To solve the system of equations, we have:
- \( x + y = 80 \) (Equation 1)
- \( 6x + 4y = 420 \) (Equation 2)
Where:
- \( x \) is the number of adult tickets sold.
- \( y \) is the number of child tickets sold.
Let's analyze the options given for their validity against these equations:
-
Testing (20, 60):
- \( x = 20 \) and \( y = 60 \)
- From Equation 1: \( 20 + 60 = 80 \) (correct)
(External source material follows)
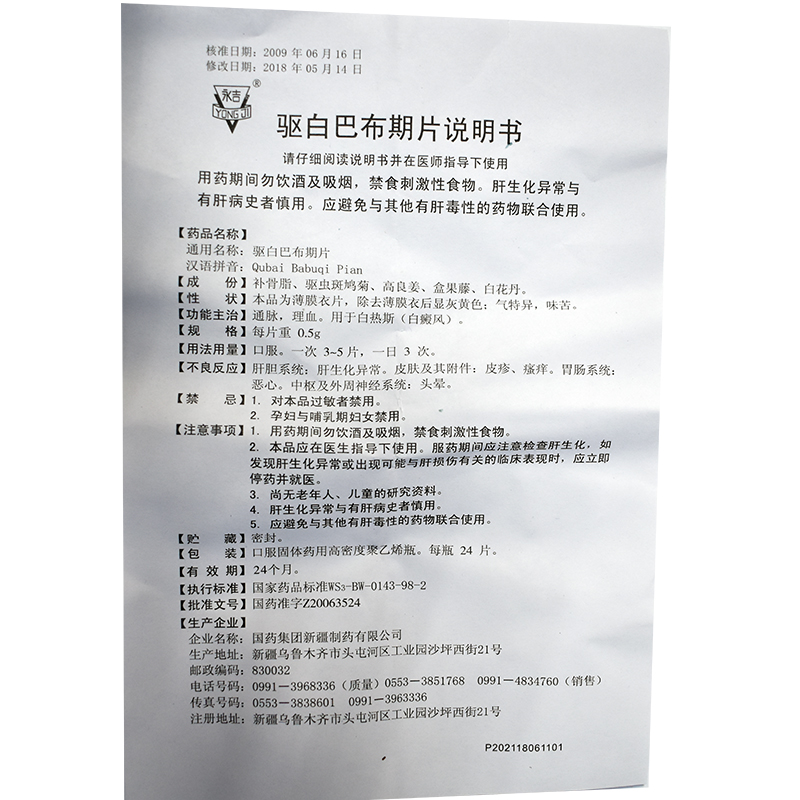 CNPIC 驱白巴布期片 0.5g*24片*1瓶

- From Equation 2: \( 6(20) + 4(60) = 120 + 240 = 360 \) (not correct)
-
Testing (30, 50):
- \( x = 30 \) and \( y = 50 \)
- From Equation 1: \( 30 + 50 = 80 \) (correct)
- From Equation 2: \( 6(30) + 4(50) = 180 + 200 = 380 \) (not correct)
-
Testing (40, 40):
- \( x = 40 \) and \( y = 40 \)
- From Equation 1: \( 40 + 40 = 80 \) (correct)
- From Equation 2: \( 6(40) + 4(40) = 240 + 160 = 400 \) (not correct)
-
Testing (50, 30):
- \( x = 50 \) and \( y = 30 \)
- From Equation 1: \( 50 + 30 = 80 \) (correct)
- From Equation 2: \( 6(50) + 4(30) = 300 + 120 = 420 \) (correct)
The only solution that satisfies both equations is (50, 30).
This means that 50 adult tickets and 30 child tickets were sold that day at the movie theater.